Mais ceux qui se sont engagés à mettre un large éventail de capitalistes allemands à la barre ont dû faire face à une bataille massive et difficile. Des «lignes de rats», ou des réseaux qui ont permis aux nazis bien connectés de s’échapper, ont été mis en place par d’anciens élèves du Troisième Reich travaillant avec la CIA et le MI6 britannique, afin que les témoins cruciaux des atrocités disparaissent en Amérique du Sud, à être récupéré et utilisé dans les futurs projets de la guerre froide.
D’autres auteurs ont été pris en charge par la communauté scientifique américaine. Comme le note Annie Jacobsen dans son livre de 2014, Opération Paperclip : le programme de renseignement secret qui a amené des scientifiques nazis en AmériqueWernher von Braun, qui a supervisé d’horribles expériences sur des prisonniers juifs et slaves, a rapidement été installé en tant que chef scientifique des programmes de fusées américaines et serait finalement considéré comme le fondateur de la NASA.
Les enquêteurs juifs de Nuremberg travaillant pour demander des comptes aux anciens nazis se trouvaient dans une position particulièrement difficile, étant donné l’antisémitisme enraciné dans l’Amérique du milieu du siècle et la montée de l’anticommunisme, ce qui signifiait que les enquêteurs juifs pouvaient trouver leurs enquêtes prises dans un flou bureaucratique.

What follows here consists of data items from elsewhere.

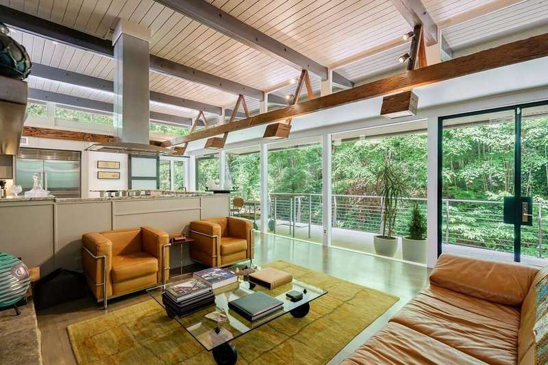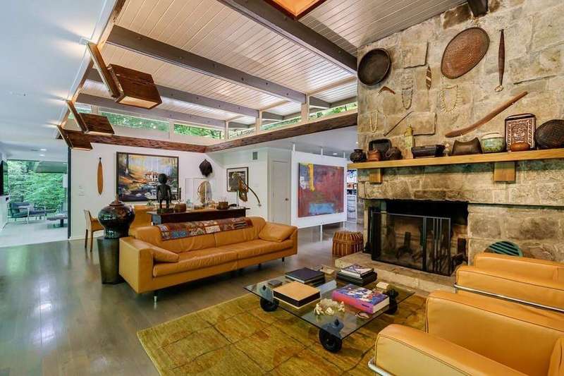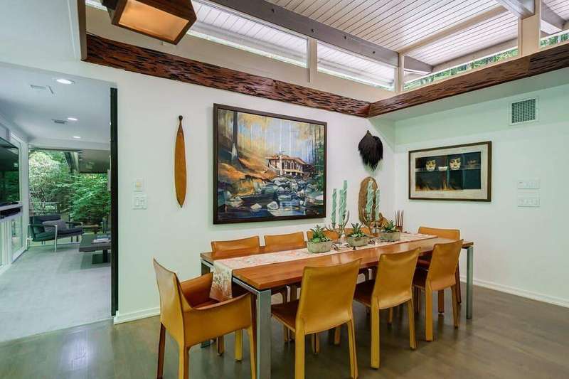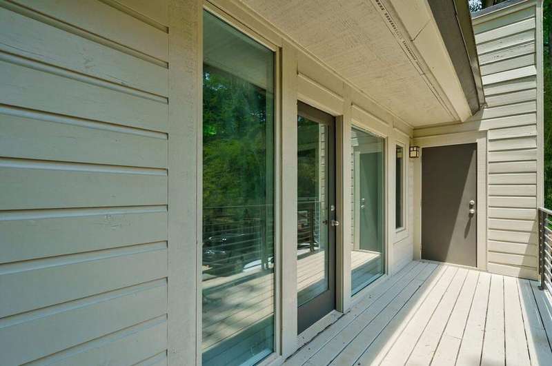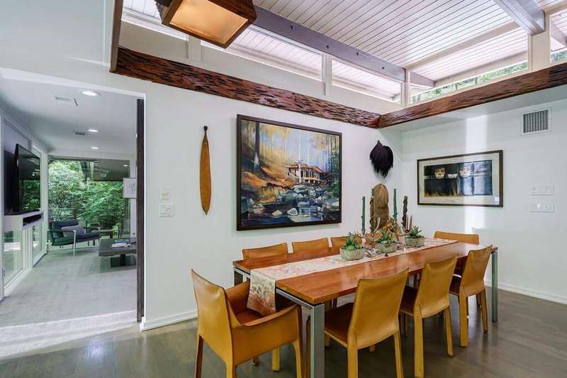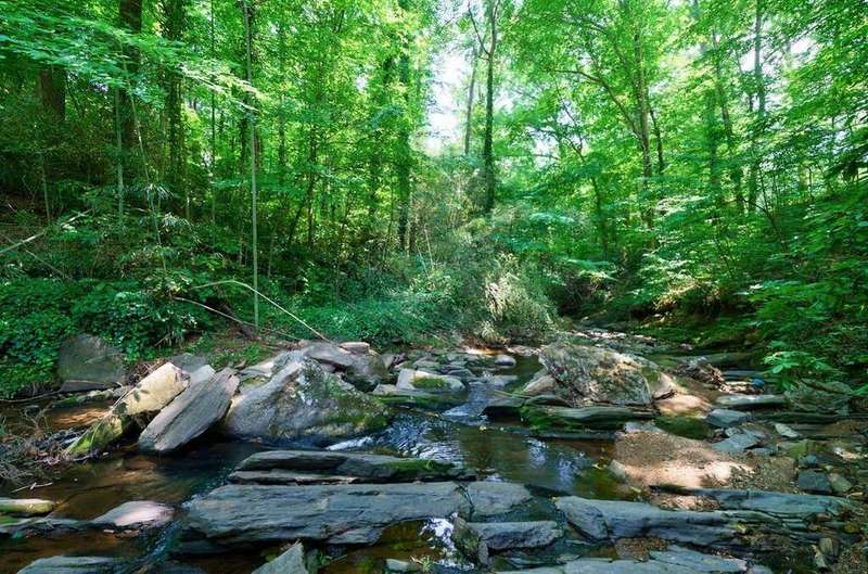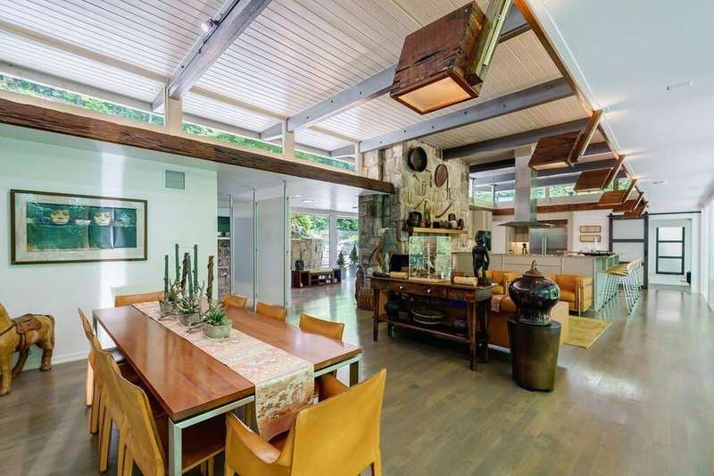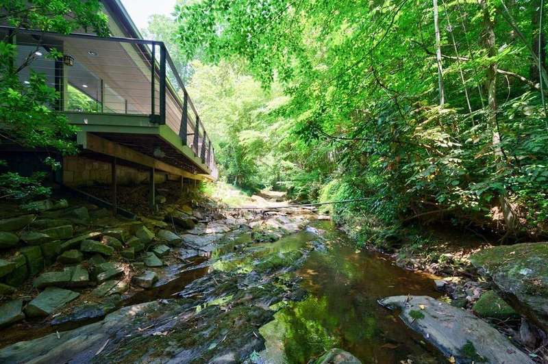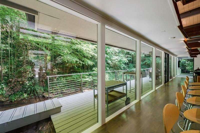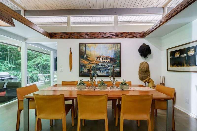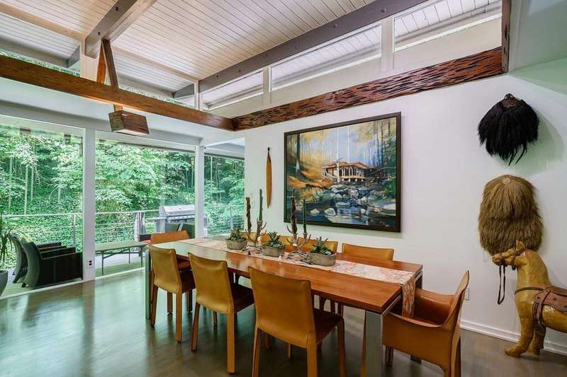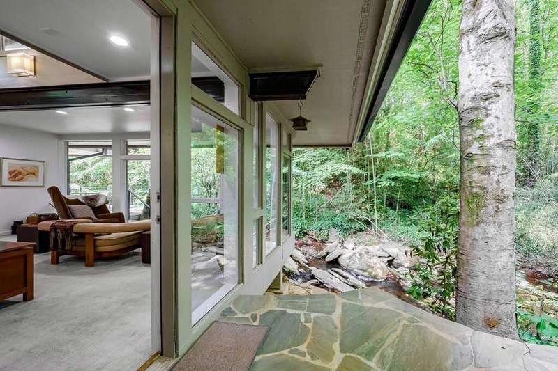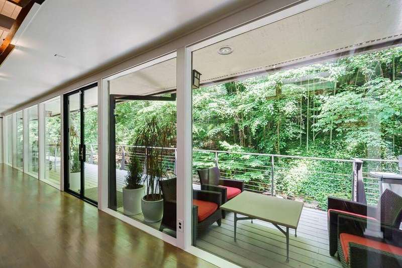 Tucked away on a tranquil and private 2.21 acre lot, this exceptional mid-century modern home offers a rare blend of timeless architecture and serene natural beauty-just minutes from the coveted Chastain Park. Designed to impress, the home features rich pecky cypress accents, dramatic floor-to-ceiling windows, and bold rustic stonework, creating a seamless connection between indoor and outdoor living. The updated kitchen is both stylish and functional, equipped with stainless steel appliances, granite countertops, and a breakfast bar perfect for casual dining. A cozy yet expansive great room centers around a striking stone fireplace and opens to a large deck-ideal for entertaining or unwinding. The dining area, with views of a peaceful creek, sets the tone for relaxed, elegant gatherings. The main residence includes four spacious bedrooms. The private primary suite is a true retreat, offering a spa-like bath with dual vanities, steam shower, and whirlpool tub. Tucked at the back of the home, it also features its own patio and sitting area. A secondary bedrooms are positioned on the opposite side of the primary suite for added privacy, while a separate den and office provide flexible living space. A detached guest house above the four-car garage offers a fifth bedroom and full bath-ideal for visitors, an art studio, or a quiet home office. A rare opportunity to own a distinctive and thoughtfully designed home in one of Atlanta's most desirable neighborhoods, offering unmatched privacy, architectural character, and convenience.
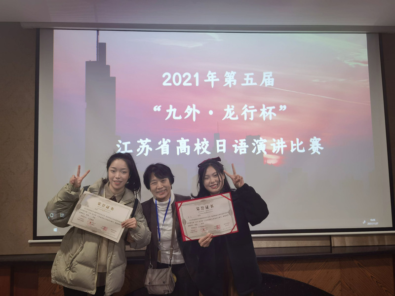 2021年11月27日,由中国日语教学研究会江苏分会主办、南京林业大学外国语学院承办的第五届江苏省高校日语演讲大赛在南京国际展览中心落下帷幕。我校日语系学生申宇、许璐在林明月、夏小珍两位老师的带队下,斩获一等奖、二等奖。
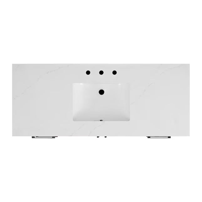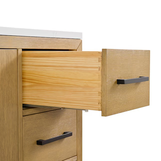 Elevate your space with the Bergen 54-inch freestanding bathroom vanity, crafted from solid wood and oak veneer with a rich multi-step finish. Blending classic and modern design, it features ample storage with six soft-close drawers and two cabinet doors with an adjustable shelf. Finished with a White Statuario Quartz countertop and ceramic undermount sink, this vanity offers timeless style and lasting quality.
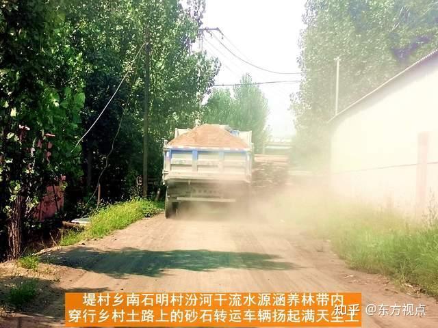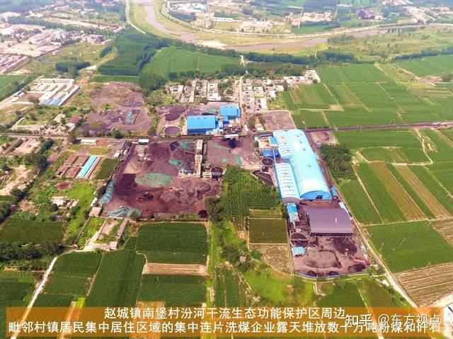 不仅如此,近年来由于监管失守和任性审批,洪洞境内汾河干流两岸生态功能保护区周边的非法采砂和洗煤企业更是遍地开花。在堤村乡南石明村一带,散乱分布着七八家的洗砂和储煤企业,数万吨的粉煤和砂石侵占大片林地和农田;在赵城镇南堡村一带,集中连片的洗煤企业违反环评露天生产,场区堆放数十万吨粉煤和废弃矸石;在辛庄乡的马牧村一带,多家非法砂场公然侵占百亩耕地大肆毁田采砂,大片农田里面随处可见已被挖得坑坑洼洼的大型砂坑。异常混乱的矿产秩序,导致当地沿汾周边肆意私挖乱占林地耕地现象层出不穷,区域生态环境持续恶化。
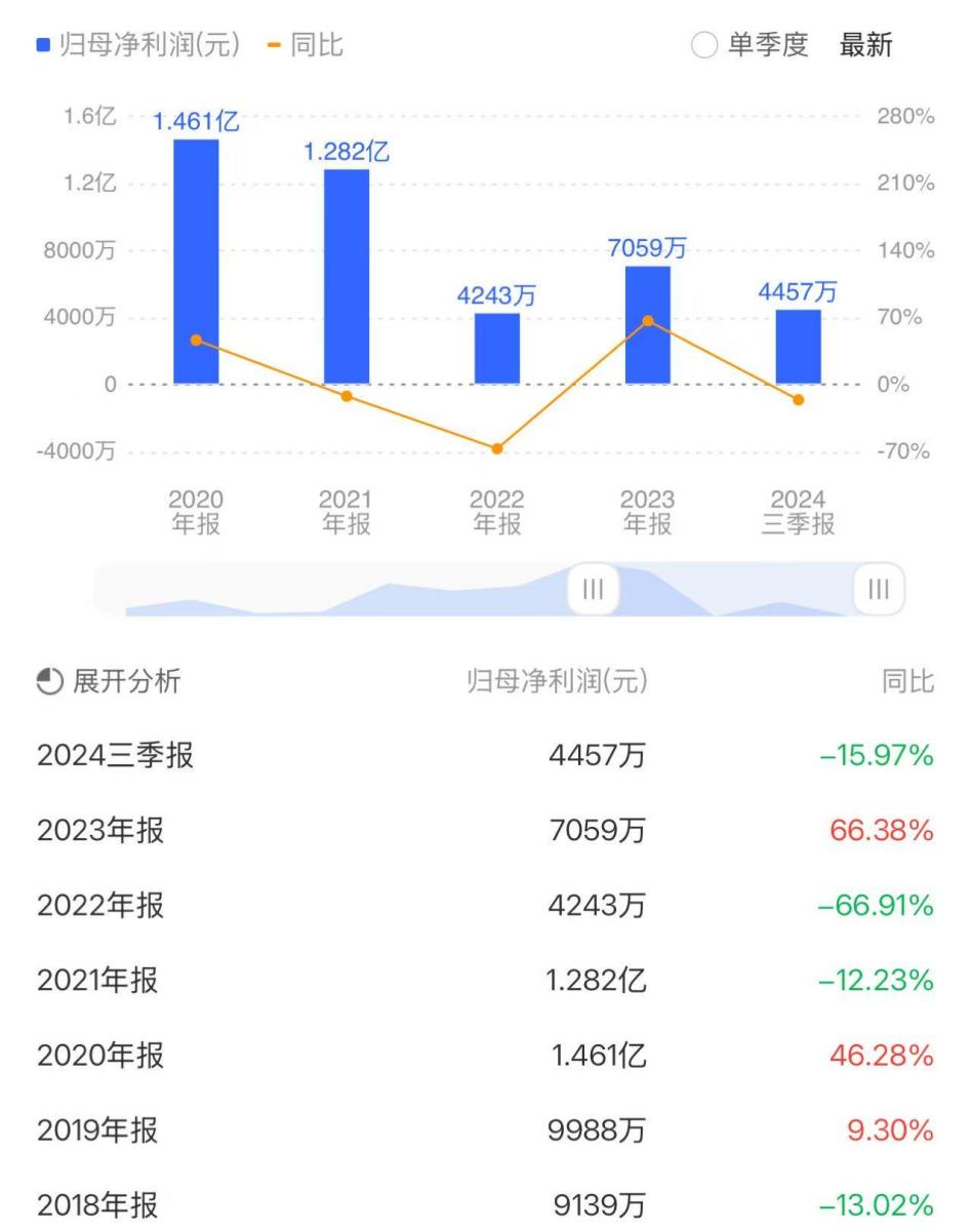 根据财报,2024前三季度,公司实现营收2.68亿元,同比下降4.44%;净利润4457万元,同比下降15.97%。此外,2021年至2023年,公司净利润分别为1.28亿元、4242.81万元、7059.28万元;同比分别下滑12.23%、66.91%,和同比上涨66.38%。
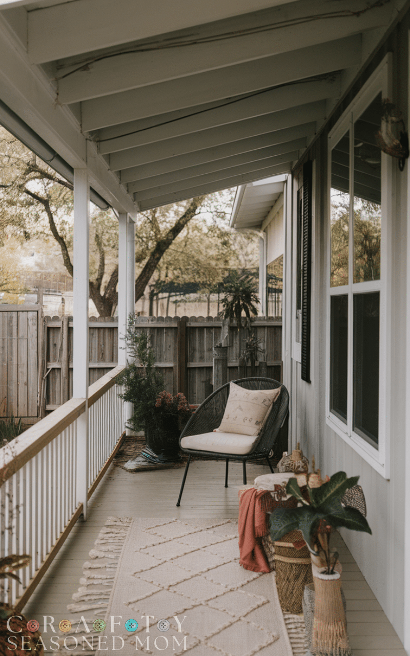 One of my favorite parts was adding a couple of handmade pieces and colorful accents inspired by Modern Boho because the mix of patterns and textures instantly made the porch feel cheerful and warm and even when the chairs did not match perfectly and the rugs wrinkled a little it still looked charming and I realized that the essence of a Small Front Porch is creating a space where you feel happy and at home.

Les dirigeants militaires américains et britanniques de l’Allemagne d’après-guerre, quant à eux, étaient plus intéressés à rassembler la puissance du capital allemand contre l’Union soviétique qu’à rechercher la justice.
Comme le note De Jong :
Lorsque la guerre froide a commencé au début de 1947, les priorités de l’administration Truman ont commencé à passer de punir l’Allemagne à permettre sa reprise économique. En bref, les États-Unis voulaient un rempart contre l’expansion communiste en Europe, et la partie occidentale de l’Allemagne, qui avait le potentiel de devenir la plus grande économie d’Europe, pourrait servir de clé pour contenir l’Union soviétique et relancer le reste du continent.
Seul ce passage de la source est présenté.